Brief
There are pictures in the records below; leave them out and set down exactly the lines from the one holding "MARQUISE FLOWER HEART" through the one holding "Vintage 18k Yellow".

== Records shown

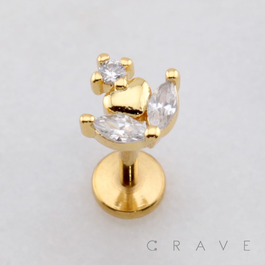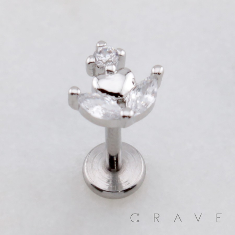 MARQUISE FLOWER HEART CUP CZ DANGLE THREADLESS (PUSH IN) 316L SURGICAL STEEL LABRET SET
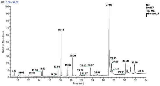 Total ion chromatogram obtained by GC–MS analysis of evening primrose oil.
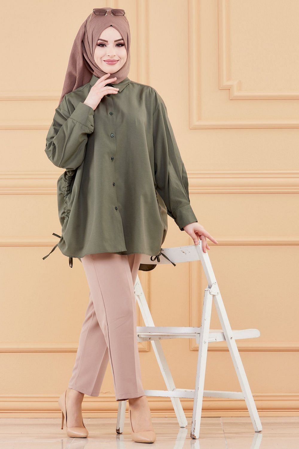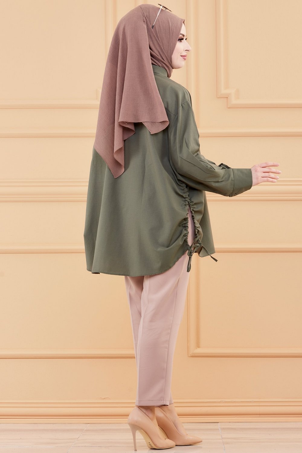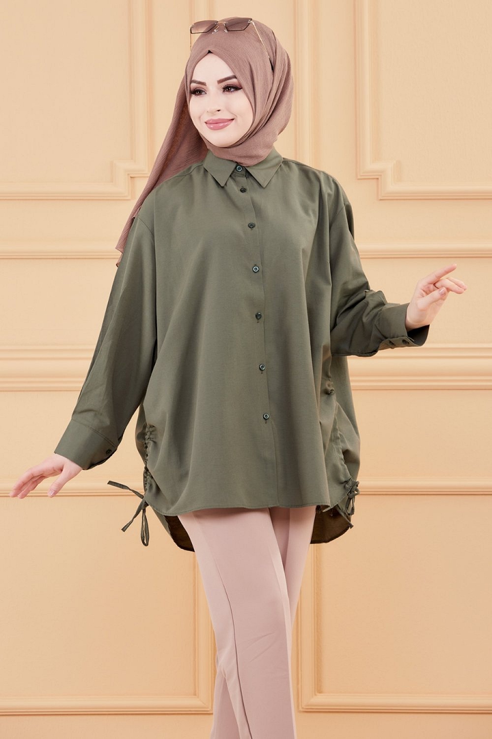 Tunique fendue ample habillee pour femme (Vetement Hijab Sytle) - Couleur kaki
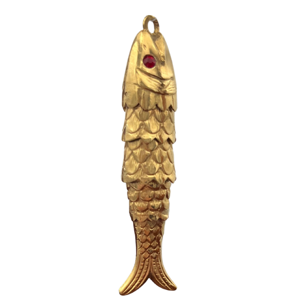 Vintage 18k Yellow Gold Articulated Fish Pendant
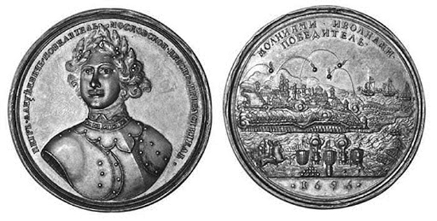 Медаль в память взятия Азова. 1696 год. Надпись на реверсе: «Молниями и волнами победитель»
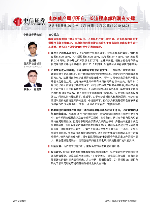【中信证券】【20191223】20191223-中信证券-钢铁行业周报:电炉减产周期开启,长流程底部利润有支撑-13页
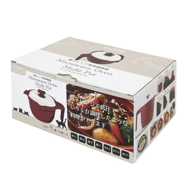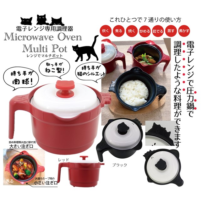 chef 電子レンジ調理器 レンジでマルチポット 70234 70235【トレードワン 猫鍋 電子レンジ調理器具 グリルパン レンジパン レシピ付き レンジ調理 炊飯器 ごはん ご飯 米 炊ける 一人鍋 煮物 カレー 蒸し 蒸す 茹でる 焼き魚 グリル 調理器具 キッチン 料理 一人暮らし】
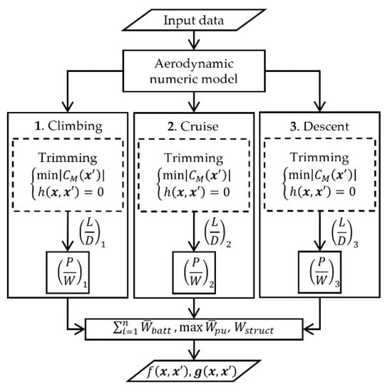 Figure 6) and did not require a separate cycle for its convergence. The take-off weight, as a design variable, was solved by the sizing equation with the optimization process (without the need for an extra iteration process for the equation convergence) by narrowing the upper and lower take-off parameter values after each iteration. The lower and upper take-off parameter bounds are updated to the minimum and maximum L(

====
== Records shown

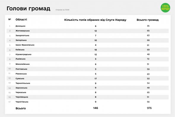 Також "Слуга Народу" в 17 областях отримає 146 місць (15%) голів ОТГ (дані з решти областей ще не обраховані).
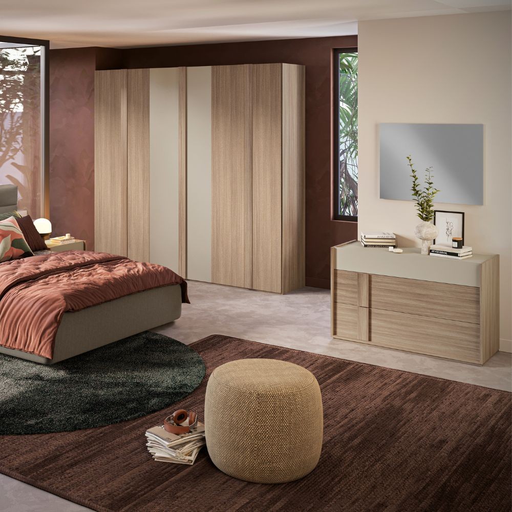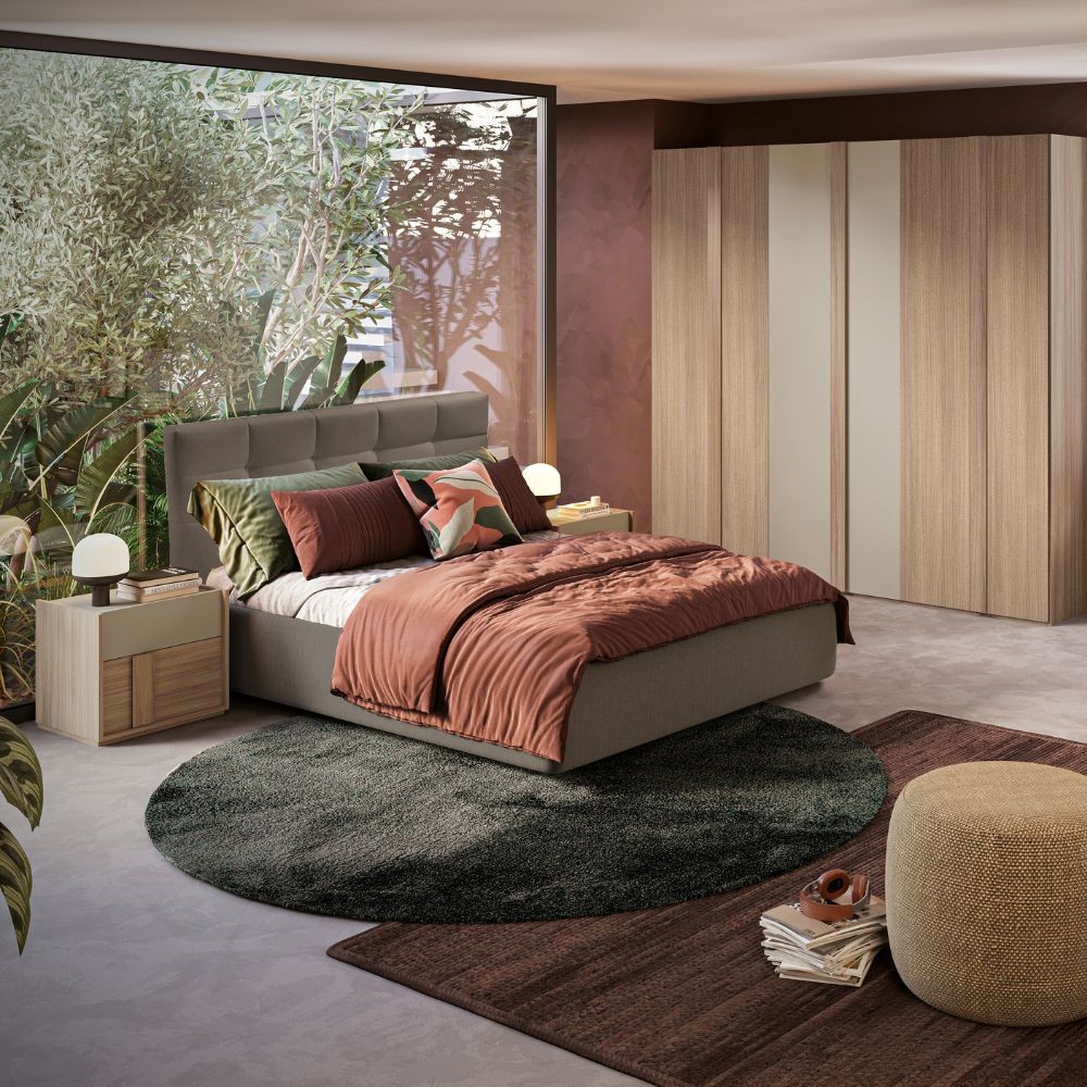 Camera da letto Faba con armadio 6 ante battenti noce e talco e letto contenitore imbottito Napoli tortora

====

Response area
 MARQUISE FLOWER HEART CUP CZ DANGLE THREADLESS (PUSH IN) 316L SURGICAL STEEL LABRET SET
 Total ion chromatogram obtained by GC–MS analysis of evening primrose oil.
 Tunique fendue ample habillee pour femme (Vetement Hijab Sytle) - Couleur kaki
 Vintage 18k Yellow Gold Articulated Fish Pendant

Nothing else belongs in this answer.